Por desgracia, los bombardeos alemanes sobre el norte de Francia obligaron a Miró a trasladarse con su familia a la isla de Mallorca a principios de 1941. Allí, completó otra serie de obras de "flujo de conciencia," a las que llamó Constelaciones nocturnas. Son un reflejo asombroso de las obras que había realizado en Normandía el año anterior. La espléndida imaginación de Miró produjo un universo de cuento de hadas de alegorías seguras, conjuntos de estrellas que se enamoran de mujeres, y mujeres que se enamoran de motivos centelleantes al borde de rocas, planetas y lagos de plata. La poesía era el refugio en el que Miró se había refugiado contra la locura de un mundo moribundo. Fue en el fervor de este apogeo creativo cuando Miró recibió una petición del Museo de Arte Moderno de Nueva York para realizar una retrospectiva de su arte, que estaban deseosos de presentar al público estadounidense.  Esto provocó el comienzo de un creciente interés en su obra por parte del mundo artístico mundial: pronto le siguió un encargo de la UNESCO en París, así como ofertas de los principales museos de Estados Unidos. La guerra llegó a su fin y Miró decidió asentarse en Palma de Mallorca, frente a la costa de Barcelona. En su nuevo estudio, el más espacioso en el que había trabajado nunca, empezó a retomar viejos cuadros que no había podido completar durante la guerra.

Miró conoció otro espectacular avance artístico, en este nuevo entorno, cuando tenía más de 70 años.
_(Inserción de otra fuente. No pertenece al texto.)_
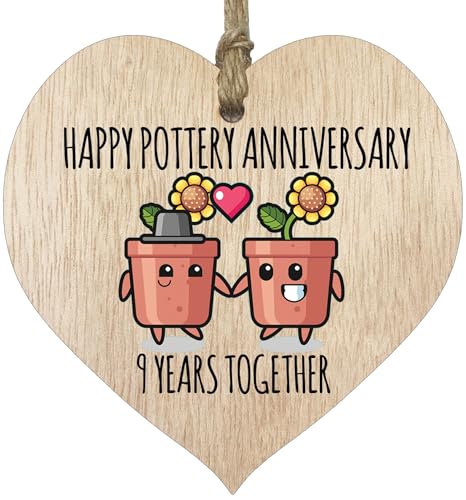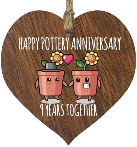 9th Wedding Anniversary Plaque Gift for Husband Wife - 9 Years Together - Happy Willow Anniversary Wooden Heart for Women Men Partner, Light Wood Sign Keepsake Gifts

Se inspiró caprichosamente y empezó a producir símbolos en triples, de cualquier tema u objeto que capturara su imaginación. La ejecución en sí misma era breve, pero reducir su planteamiento conceptual a estos elementos básicos resultó ser un tremendo paso para el artista. Tuvo que abandonar cualquier técnica o estrategia creativa que conociera hasta entonces; fue un ejercicio ascético, de tabula rasa, al que se entregó de lleno. Había elevado su práctica a este estado de contemplación absoluta, desde el que podía cuestionar la esencia misma de la pintura como forma de arte y medio de expresión humana. Los lienzos se habían convertido en una puerta que podía atravesar; una vez abiertos, podían dividirse en piezas individuales más pequeñas, y la pintura se utilizaba simplemente como una superficie lijada sobre ellas, para permitir al artista liberarse a sí mismo y al lienzo. Estos experimentos dieron lugar a su famosa serie Fuegos artificiales (1974).

 Tras la muerte del general Franco, el rey Juan Carlos de España concedió al pintor la medalla de oro de las Bellas Artes. Miró trabajó sin descanso hasta sus últimos días, creando obras en multitud de contextos: teatro, cerámica, esculturas. Su obra, única en su género, documentó de forma impresionante el tormento y la agitación sin precedentes del siglo XX. La voz de Miró, en sus propias palabras, era "un grito de alegría" que le había liberado "de la angustia, de este mundo moderno e inútil."